*Exercise inputs*
━━━━━━━━━━

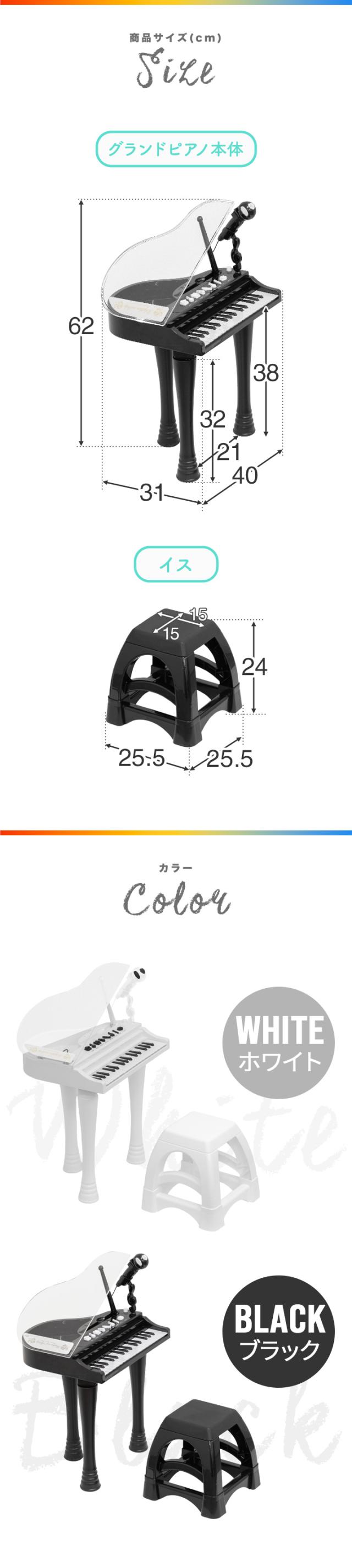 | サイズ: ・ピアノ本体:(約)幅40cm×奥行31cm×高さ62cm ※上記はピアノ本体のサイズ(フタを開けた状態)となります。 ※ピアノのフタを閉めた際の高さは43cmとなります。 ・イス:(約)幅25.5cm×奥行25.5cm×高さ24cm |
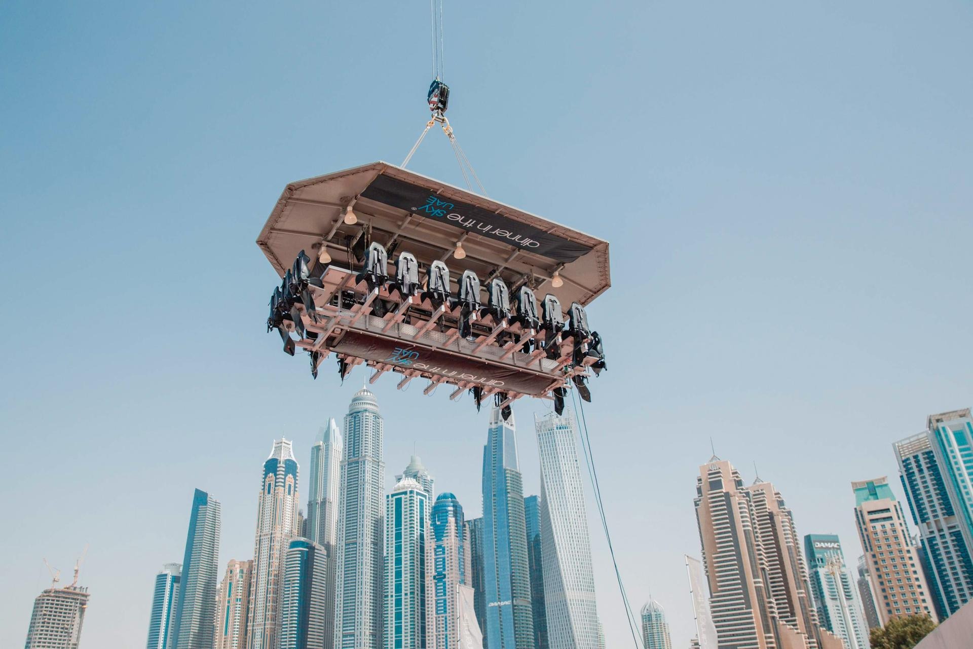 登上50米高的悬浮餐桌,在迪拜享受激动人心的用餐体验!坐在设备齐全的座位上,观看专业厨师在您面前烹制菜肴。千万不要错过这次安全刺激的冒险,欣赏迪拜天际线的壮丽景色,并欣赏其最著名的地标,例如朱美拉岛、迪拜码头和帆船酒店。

━━━━━━━━━━

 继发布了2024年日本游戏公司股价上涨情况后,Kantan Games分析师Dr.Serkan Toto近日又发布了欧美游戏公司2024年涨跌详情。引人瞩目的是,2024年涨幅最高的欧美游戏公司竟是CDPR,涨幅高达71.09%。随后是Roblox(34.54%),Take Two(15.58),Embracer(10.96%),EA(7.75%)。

━━━━━━━━━━

*Required action*
Return exactly the lines of the material above, starting at the line containing "サイズ: ・ピアノ本体:(約)幅40cm×奥行31cm×高さ62cm ※上記はピアノ本体のサイズ(フタを開けた状態)となります。" and finishing at the line containing "登上50米高的悬浮餐桌,在迪", without any pictures.

*Answer box*
 | サイズ: ・ピアノ本体:(約)幅40cm×奥行31cm×高さ62cm ※上記はピアノ本体のサイズ(フタを開けた状態)となります。 ※ピアノのフタを閉めた際の高さは43cmとなります。 ・イス:(約)幅25.5cm×奥行25.5cm×高さ24cm |
 登上50米高的悬浮餐桌,在迪拜享受激动人心的用餐体验!坐在设备齐全的座位上,观看专业厨师在您面前烹制菜肴。千万不要错过这次安全刺激的冒险,欣赏迪拜天际线的壮丽景色,并欣赏其最著名的地标,例如朱美拉岛、迪拜码头和帆船酒店。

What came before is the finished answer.